I got to beat the old asian ladies away from my recycle bins early in the morning, some sneak by the night before. they ride bikes and boy are they quick.
our landfill on the farm was a big hole, it preceded Nixon by a long shot,, it’s still there. maybe they can do an archeological dig there someday.
I have some good ideas for lead recycling.
I refused for years to recycle but then the local garbage police got me and threatened me with fines for every time I don’t recycle.
I did my part--I ralphed up dinner after hearing the election results.
smelt that coming.. we used to recover it from old lead lined cables, it paid for lots of shotgun shells and beer,,
National Security, Borders, the economy, spending cuts, and jobs should be this f’n a’holes only priority.
Actually, he should be in jail.
What a joke.
San FRan has super stringent regs.. you vill recycle und separate everyzing exactly ze way ve tell you to.. or you will be dealt with. sad..
He’d have some friends there,, Blago, Rezko, and soon Je$$e HiJack$on Jr. .. They could have their own recycling gang.
Here in Indiana we’re recycling our trash into a mountain, slowly but surely, and eventually we’re gonna have our own ski resort!
It’s so dumb because where I live most of the recycling winds up in the landfill anyway.
The only things this dope is recycling are lame excuses and
1930s economic policies.
Actually, I’ve already been forced to recycle earlier this month. . . the alleged ‘election’ and this proclamation is just one more example of wasted effort.
I just read this thread. I'm going to chain smoke the rest of the day, and open the front door a lot, to pollute the outside air.
I also have a number of trash bags to walk to our dumpster. My rotater cuff on left arm has been bad so haven't carried the trash for 5 days. I have five bags of trash so out they go today without recycling anything.
I’d love to recycle zero into soylent green.

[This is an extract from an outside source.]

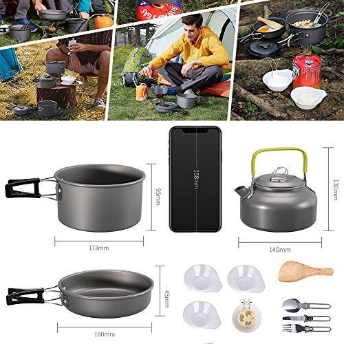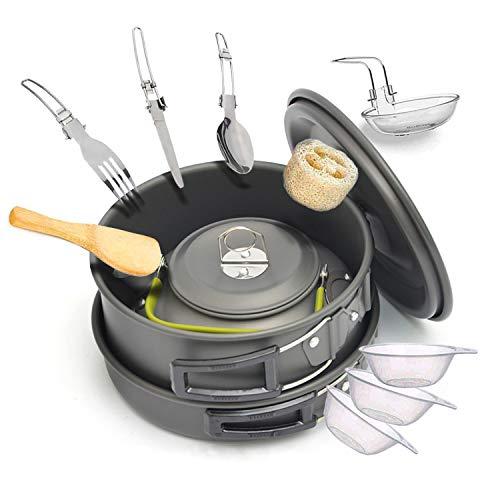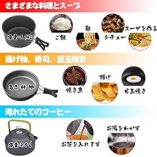 【携?便利】:クッカーセットは折りたたみ式ハンドルを採用します。ハンドル折畳して16点を一括収納。持ち運びにとても便利で、メッシュバッグであらゆる問題を解決!バックパックに掛けるだけ。【商品詳細】材質:アルミ。 重量:900g 。セット内容: 165 * 90mm鍋* 1、170 * 45mmフライパン* 1、0.8Lやかん* 1、おわん* 3、スープレードル*1、しゃもじ*1、ステンレス食器セット*1,ヘチマ食器洗いブラシ×1、収納メッシュバッグ×1。【調理性能】:キャンプポットは、800 mlの水をわずか2分30秒で沸かすことができ(待機中に食材を準備したり、半分の曲を聴いたりできます) クッカーは熱が伝わらない熱絶縁プラスチックのハンドルを採用しており、やけどを防止。また滑り止め防止加工も施されており安全に料理をお楽しみいただけます。【食品グレードの素材】 FDA承認の無毒の陽極酸化アルミニウムで作られた軽量の高温調理鍋。陽極酸化処理により、アルミニウムの金属表面には、強力で耐久性があり、軽量で熱伝導性のある安定した保護層があります。時間と燃料を節約できるだけでなく、掃除も簡単です。【優秀なプレゼント】:ハイキングやキャンプの世界で高品質で高価値の製品を見つけたい人向け。キャンプが大好きな愛する人に贈ることもできます。朝食、ランチ、ディナーを友達と作ったり、ハイキングをしたり、ロマンチックなピクニックや一晩を過ごすのに最適です。
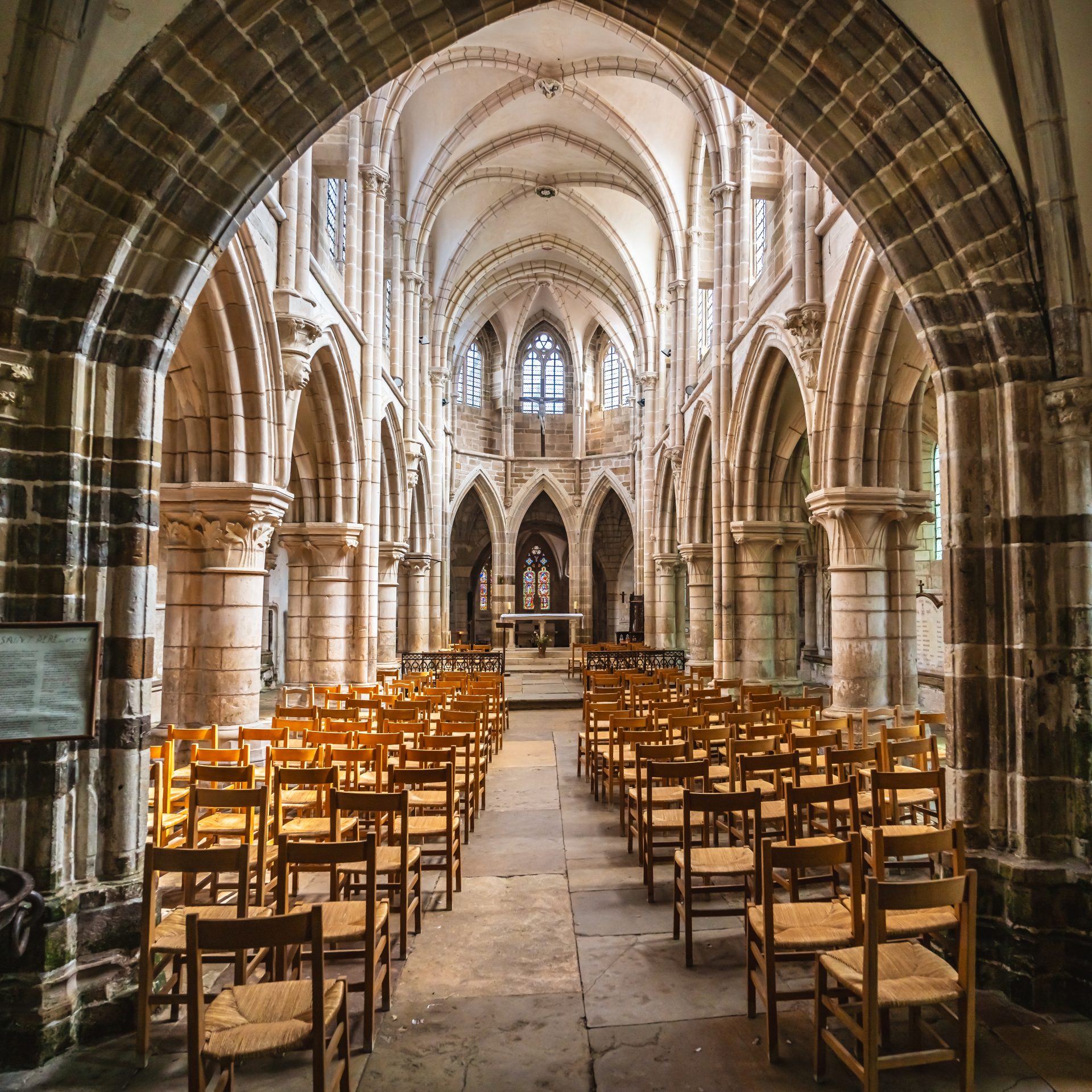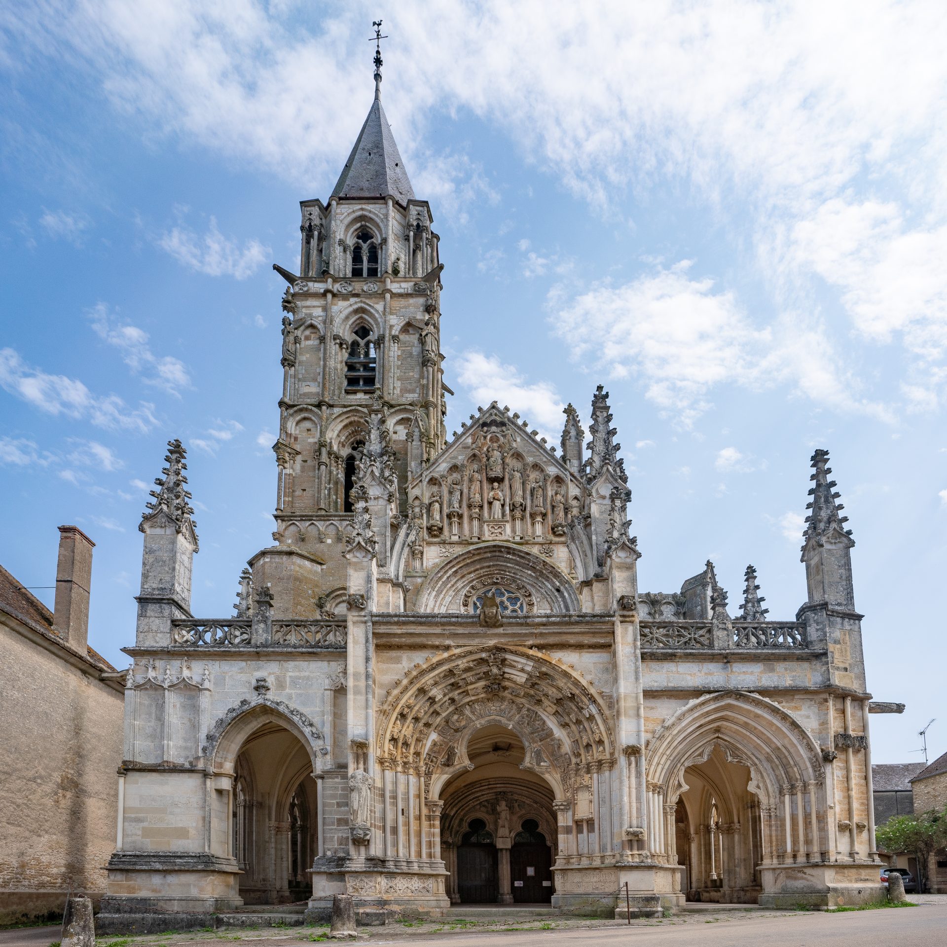 Le clocher, du XIIIe s., élégant et aéré, haut de plus de cinquante mètres, présente aux quatre angles de la tour, des anges sonnant de l’olifant pour appeler tous les hommes devant le Souverain Juge.

Totally off-topic, but when I was a tender young lad of the high school persuasion, Rose-Hulman Institute of Technology was aggressively trying to recruit me to go to college there (and in fact, they were the final runner-up to Purdue, which I ultimately selected). The one piece of recruitment mail I'll never forget was a full-size poster (which I kept for years):
Can we recycle zero???
I'm afraid we did. Instead of tossing him in the trash, we recycled the SOS for another 4 years.
“The EPA partnering with businesses to recover food. huh?
How long before ya need a permit and a haz mat certified suit to dumpster dive?”
No, the food won’t be in the dumpster - Just another executive order to confiscate OUR personal food for “redistribution” so food ownership is FAIR. And, I’m not kidding.
We’re $16 trillion in debt, but we recycle!!! Yahoo!!!
I just become totally livid when I see this push to recycle. Our generation had solid wood furniture which we inherited from our grandparents. It may have had several layers of paint on it, but it had been around for a long time and still is, unlike all that fiberboard or pressed board junk. We washed our babies diapers and used the wornout ones for dust cloths, stored leftovers in Tupperware bowls. There were not 20 layers of plastic inside and outside of every box, package and can. Soda bottles were glass and were returned so they could be reused. Hems on everything were let down or raised up depending on which child they were passed on to.
Everything was used for something else until there often was literally nothing left.